Data老B offered a brilliantly apt analogy:

CLAUDE.md is the hard drive; conversation history is RAM. RAM gets evicted when full, but the hard drive persists.

This analogy perfectly explains why a well-written CLAUDE.md can double Claude Code's efficiency. It's Claude Code's only "persistent anchor" — the project conventions, coding standards, and architecture descriptions you define in it remain in effect throughout every conversation turn. Meanwhile, content discussed temporarily in conversations will eventually be forgotten as the context window slides forward.

For users, this means every byte of CLAUDE.md is extremely precious — it occupies context space that will never be freed. Therefore, you should only include the most essential and stable project information, avoiding redundant content that would crowd out valuable window capacity.

Claude Code Architecture Summary & Practical Insights

Putting all three layers together, the essence of Claude Code is:

Layer	Component	Function
Execution Engine	Local Agent Loop	Cyclically executes Think → Act → Observe
Memory Mechanism	200K Sliding Window	Carries all context; evicts old content when full
Persistent Anchor	CLAUDE.md	The "hard drive" configuration that's never discarded

No magic — the architecture is crystal clear. Once you understand these three layers, many usage-related confusions resolve themselves:

Why does Claude Code sometimes "forget" things?

Because the context window slides — once earlier conversations are evicted, the model loses that information. If you told it an important convention in round 5, by round 50 that information may have already been discarded.

Why does a well-written CLAUDE.md double efficiency?

Because it's the only content that never gets evicted.
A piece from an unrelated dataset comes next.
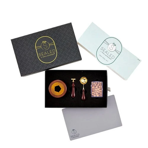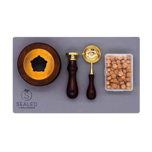 The Wax Seal Kit is part of the Sealed by Spellbinders Collection and contains five pieces to get you started on your stationery journey. It includes a wax warmer, a wax bead warmer spoon, one wax seal stamp with handle, 100 wax beads and a 10 x 7-inch silicone mat to protect your surface. For other choices of wax bead colors and wax seal stamp designs, look to Spellbinders’ offerings in this collection.
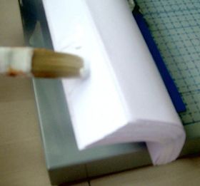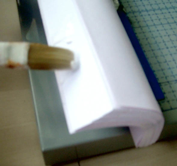 将书页码的一面朝下,墩齐,使用切纸机的挡板固定在切纸机上。将书籍向一侧弯曲,纸张与纸张间会错开,用刷子刷上白乳胶,这一步很关键,目地是为了让纸张的侧面能够接触胶水。如下图。

Writing your project's key information, coding standards, and architecture decisions into CLAUDE.md is like installing a permanent hard drive for Claude Code.

Why do long tasks burn through Tokens so fast?
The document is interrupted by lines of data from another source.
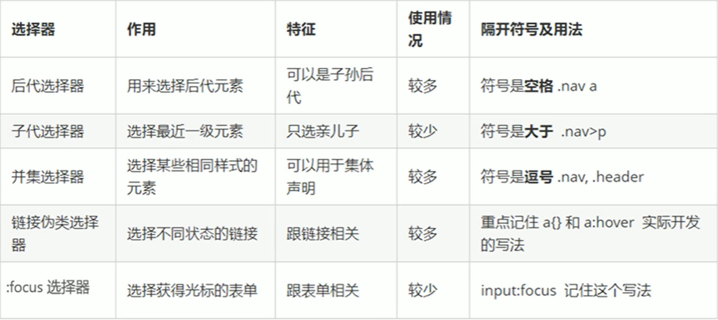 - 常用的复合选择器包括, 后代选择器, 子选择器, 并集选择器, 伪类选择器等等
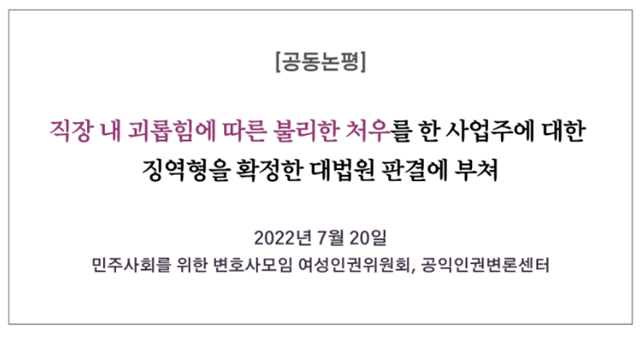 [공동논평] 직장 내 괴롭힘에 따른 불리한 처우를 한 사업주에 대한 징역형을 확정한 대법원 … 더보기
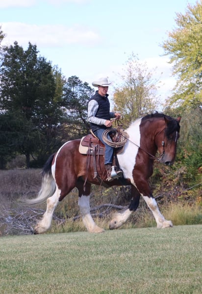 🎄𝐓𝐇𝐄 𝑯𝒐𝒍𝒊𝒅𝒂𝒚 𝐂𝐋𝐀𝐒𝐒𝐈𝐂🎄 Happening now thru MONDAY | DECEMBER 15th - Available EXCLUSIVELY on HorseBid's website! For more details and to register visit: www.Horsebid.com CONSIGNOR CONTACT: Blackstone Stables 248-390-6831 LOCATION: Howell MI BREED: Spotted Draft REGISTERED: No REGISTERED NAME: Charles COLOR: Tri Color Paint HEIGHT: 17 AGE: 6 GENDER: Gelding Introducing Blackstones Charles. This 6 year old 17hh spotted draft gelding has it all. From his captivating personality to his stunning conformation and painted color. Charles lacks nothing. Charles is the type of horse who wants to be your best friend. He plays well with all the others outside and will catch you when you walk to the pasture. Charles is extremely well broke. He walk, trots, canters and stops on a dime. His transitions are flawless both upward and down. Charles steers off seat and leg so well you don’t even need a bridle. He will gladly take a bit, snaffle or shank he’s not fussy or just pull the bridle right off and he steers with all leg ques. He builds you up every ride and makes you want to get on. Charles has loads of experience out on the trails from the mountains of MO to the open fields of MI he’s seen it. Water, deep woods, roads, wildlife no problem. Charles has been ridden in groups of 40 horses. He will take any place you ask in the group and is not one to get worked up. He’s also been out alone. He’s been driven single and double. He has worked in busy city's, in traffic and crowds of people. He stands to harness. He stands at stop signs and he will stand for passengers to get on and off the carriage. He has a great amount of training in the arena as well. He will easily steep into the lope, and can canter small circles on both leads. Charles is very balanced and light on his feet. He’s completed our desensitizing program. Pool noodles, tarps and bridges are all no problem for him. He is a very brave horse. Charles is the horse to teach you the ropes, the one you can depend on and he’s loaded with personality. He is sure to win you over with one glance into his big soft eyes! Charles lives in Howell, MI. Please call or text Ellesse Schwartz at 248-390-6831

Because every API call round must carry the complete conversation history. The longer the task, the more history accumulates, and the larger the Token count per call. This is an inherent cost of the ReAct Loop architecture.
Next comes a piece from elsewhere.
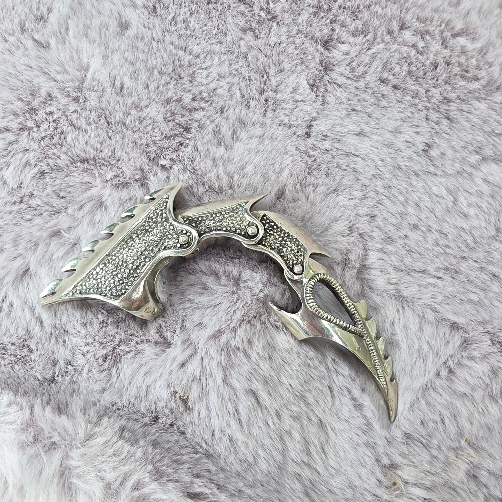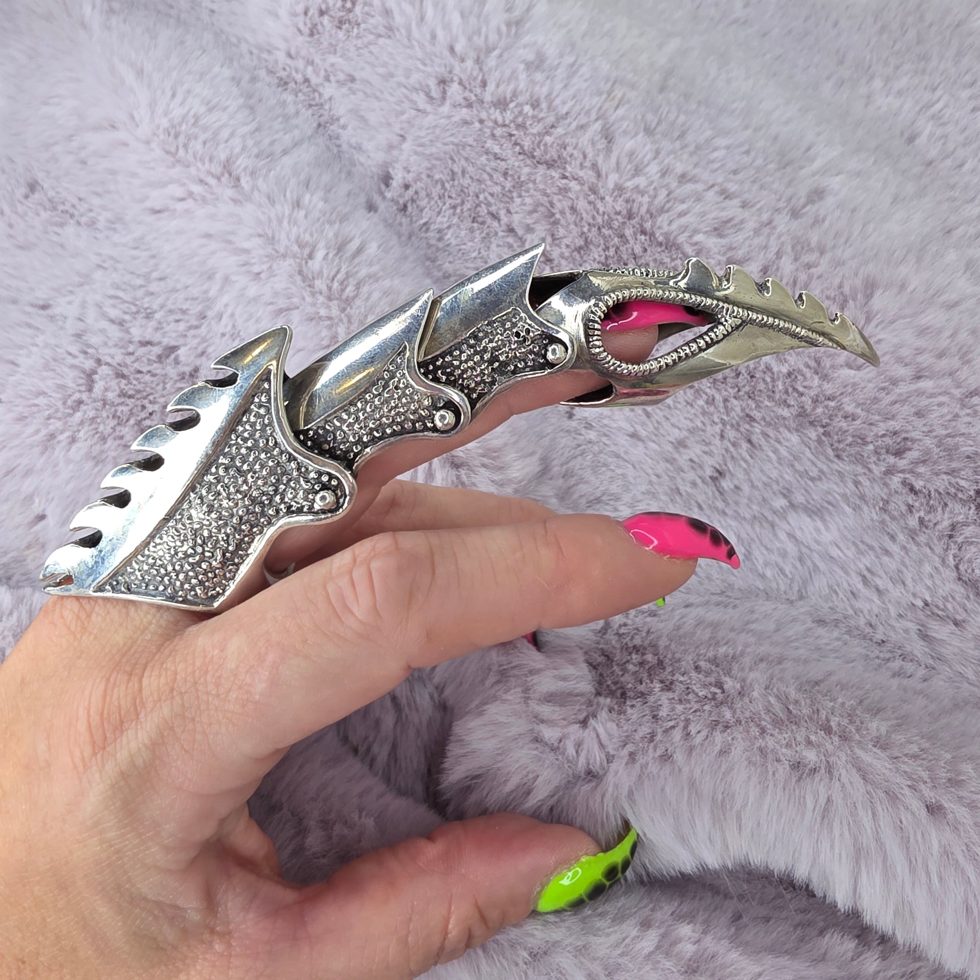 Koru on 925 hopeaa ja siinä on liikkuvat nivelet. Kokonaispituus on n.13cm. Yläosan sormusrenkaan läpimitta on n.2cm.

Optimization Tips Based on Architecture Understanding

With an understanding of Claude Code's underlying architecture, the following practical tips can help you significantly improve usage efficiency:

Carefully maintain CLAUDE.md: Put your most important project information here — it's the most reliable communication channel between you and Claude Code. But keep it concise — CLAUDE.md occupies context space that's never freed, and redundant information will continuously crowd out available window capacity
Break down complex tasks: Rather than completing everything in one ultra-long session, split it into multiple shorter sessions to reduce Token consumption. Each new session starts with a clean context window (containing only the System Prompt and CLAUDE.md), which not only saves costs but also prevents accumulated noise from long conversations from interfering with the model's judgment
Restate key information promptly: If a convention is important but not suitable for CLAUDE.md, repeat it periodically during long conversations. This is essentially manually fighting against the sliding window's eviction mechanism
Understand the Token cost structure: Tool call inputs and outputs all count toward the context. Make each tool call as precise and efficient as possible. For example, using exact file paths instead of having the model search the entire directory tree, or specifying line number ranges instead of reading an entire large file, can effectively reduce Token overhead per loop iteration

Understanding a tool's underlying principles is the key to truly mastering it. Claude Code's architecture may be simple, but that "simplicity" is precisely what makes it powerful — one Agent Loop, one sliding window, one persistent anchor. Together, these three components can accomplish complex programming tasks.